The second level of the strategy has three pillars:

  • What “sources” are you pursuing — what types of funding sources?
  • What “uses” do you have for the money — how are you going to spend it?
  • What “returns” do you expect to gain — how will those investments translate into financial gains that ultimately will satisfy those who have invested?

For each pillar, identify three concrete steps:

  • For “sources” — what specific investors will you target, how will you gain access to them, and how will you convince them to invest?
  • For “uses” — what specific plans do you have for investing the raised funds: who will you hire, what will you outsource, what will you buy?
  • For “returns” — what specifically do you expect from these investments: what metrics, what results, what timeframe?

As mentioned above, your funding strategy likely will change through the life of the venture, so you will create a funding strategy structure like this each time it does.

VisuALS’ Funding Strategy

The VisuALS business plan outlined a need to raise $125,000 in initial funding to launch the business. Since customers would pay up-front with a credit card before the product would be shipped to them, as soon as the product launched, cash would start flowing into the business. It was expected that the $125k would get the company to cash flow break even, but another round of funding was scheduled about a year out to fund moving the business off of the OC campus and into a facility that would be able to support growing volumes of orders.

Valuing any pre-revenue business is a challenge.
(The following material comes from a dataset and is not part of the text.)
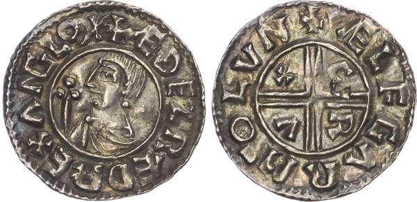 ÆĐELRED REX ANGLORX, bare head left, sceptre in left field, Rev. ÆLFGAR MO LVN, voided short cross, CRVX in angles, 1.62g/6h. (BMC IIIa; Hild. C; N. 770; S. 1148). Extremely Fine, toned.
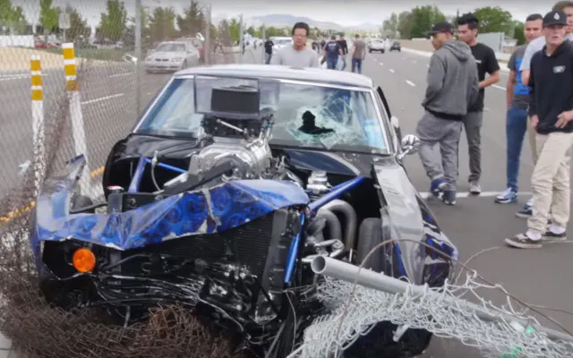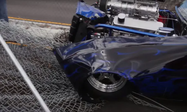 Unfortunately he didn’t quite have the Camaro straightened all the way out before sticking his foot into the blower. The car hooked left into the center divider and into the oncoming traffic lane, collecting a chain-link fence along the way. High horsepower and big meats are great for moving a lightened car when they hook up. Sometimes all that horsepower and traction can push in directions you weren’t prepared for.

For this reason, many early stage businesses have used convertible notes as the funding source. This instrument technically starts life as debt with all the usual terms (interest, maturity date, etc.) but with the hope and expectation that it will be converted into equity at a future time when there is a credible valuation of the business — typically in the first “real” round of fund raising.

Convertible notes though have their downsides. They can have complicated legal terms, and as debt, they have regulatory requirements that can slow down and burden the funding process. To overcome these challenges, in 2013 Y Combinator introduced (and freely shared) a new investment instrument, the Simple Agreement for Future Equity (SAFE). We decided to use this instrument for our initial seed round of funding for the business.

We outlined our funding strategy:

Since the VisuALS team had compellingly pitched (twice) to judges in winning the Love’s Cup competition, we already had a very strong start to a pitch deck for potential investors. Now we needed to find those investors and convince them to invest.

The timing couldn’t have been better. Providentially, OC’s annual celebration dinner for its top donors was held the same day as the semi-finals round of the Love’s Cup competition. OC’s President John deSteiguer asked if he could tell the VisuALS story at the dinner. He closed the entire evening with the story, including the video of how VisuALS had so dramatically impacted Carl and his wife Janice’s life. There wasn’t a dry eye in the room. If that wasn’t moving enough, President deSteigeur had invited Carl and his family to attend and the VisuALS team was standing behind them in the back of the room. Carl amazingly stood from his wheelchair and walked around to give each member of the VisuALS team a hug.

President deSteiguer tells the VisuALS story

Three-hundred people who had already proven their willingness and ability to open their wallets to support the work of OC heard and felt the impact that VisuALS was having in the ALS community. We were blessed to be able to close most of the seed round of funding from friends, family, and angels in attendance at that OC dinner.

Now we had the MVP, we had the team, and we had the funding. All that was left was to execute (experienced entrepreneurs — feel free to chuckle…).

Sources:

¹Loomis, E., & Baehr, E. (2015). Get Backed. Harvard Business Review.

²Feld, B., & Mendelson, J. (2013). Venture deals: Be smarter than your lawyer and venture capitalist. Hoboken, NJ: Wiley.